Ok, yes I agree, but the tentative plan is to do that sort of runtime selection in higher-level crates like the AEAD crates (e.g. aes-gcm, chacha20poly1305)

Well, "how high do you want to go", why not an even higher-level application crate? If performance is a concern can't you use lazy_static or something to cache the detection result?

We need to benchmark the performance of various strategies

Fair enough, although I would expect/hope that the macro itself is already pretty well-optimised so that in practise all-except-the-first call to it would be as cheap as checking a boolean.

My understanding is it invokes the CPUID instruction every time, which is cheap but may have negative impacts on pipelining.

CPUID instruction itself certainly is not cheap (measured throughput can be as high as 1500 cycles), but is_x86_feature_detected caches result into an atomic variable, so it's relatively cheap after a first call, but I am still hesitant to put it into a tight loop. Also it probably will not play well with the optimized AES-CTR code, which was specifically written to keep all key data in XMM registers when possible (runtime detection will mean that CPU may have to unload key data into general purpose registers). Another (minor) problem is that is_x86_feature_detected is not available on no_std, we could implement our own detection like it was done in getrandom. It's certainly not ideal, but should work fine.

A much more serious problem is incompatible layouts between the bitsliced and AES-NI implementations. Sure, we could use an enum, but aesni::Aes256 takes only 480 bytes, while aes_soft::Aes256 takes as much as 4320 (for Aes128 it's 352 and 3168 bytes respectively).

I guess we should benchmark runtime detection on the level of the aes crate and if the performance impact is minor enough (say less than 1%), go with such solution for user's convenience sake. But I am not sure what to do about the memory layout issue.

Another option to consider is gating runtime detection behind a cargo feature (which itself would depend on std). I don't think it would be too hard to add to the aes crate in its current form, since it's otherwise just a facade.

A much more serious problem is incompatible layouts between the bitsliced and AES-NI implementations.

Yes, that is unfortunate, but I'm not sure what else there is to be done (other than a more efficient bitsliced implementation).

Another option would be to detect at runtime once, then set some function pointers and call through those.
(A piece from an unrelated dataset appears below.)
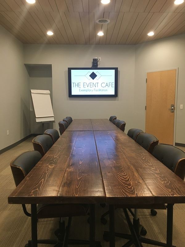 Our unique and sophisticated space in the heart of New Cumberland, PA services professional events such as meetings and receptions - as well as birthday parties, rehearsal dinners and bridal and baby showers- and now small weddings and funeral gatherings in our Little Chapel at The Event Cafe. Conveniently located only 4 miles from the State Capitol, this space features a large conference room as well as a large open foyer for business or personal cocktail receptions and sit-down lunceons and dinners. With a chic industrial feel and flexible floor plan, The Event Cafe can service a variety of both personal and professional event needs. We know there is more to event facilitation than the venue, so we offer event set-up, tables, formal and casual seating, vintage china, speaker and microphone, podium, optional Chiavari chairs onsite, linens and more. Bring your own food, use your own caterer and make use of our catering kitchen, free with the rental of the Sullivan Reception Hall. It is recommended that the Griffin and Sullivan Reception Hall be rented together for events over 40 or more.

Branch predictors are very good at noticing that every call through a function pointer goes to the same place.

As I wrote in my previous message, branching is the least of our problems here (and the pointer chasing probably will be worse than a simple branch on an enum tag). The main problem is that by default we keep cipher state on the stack and states in aes-soft are nearly order of magnitude bigger than states in aesni. If we kept cipher state on the heap, it wouldn't be a problem, but it would go against the goal of supporting bare no_std by default.

I guess we could optionally store aes-soft state on the heap, but ideally it would be better to use a more efficient implementation instead.

I think we could feature gate autodetection. Yes, it would increase AES-NI stack usage considerably, but in some cases being able to ship a relocatable binary which supports both is more important than that

@newpavlov So, the blocker is having a software implementation to fall back to that has a reasonably sized state? (As well as ensuring that aesni can maintain the desirable property of keeping all its state in registers?)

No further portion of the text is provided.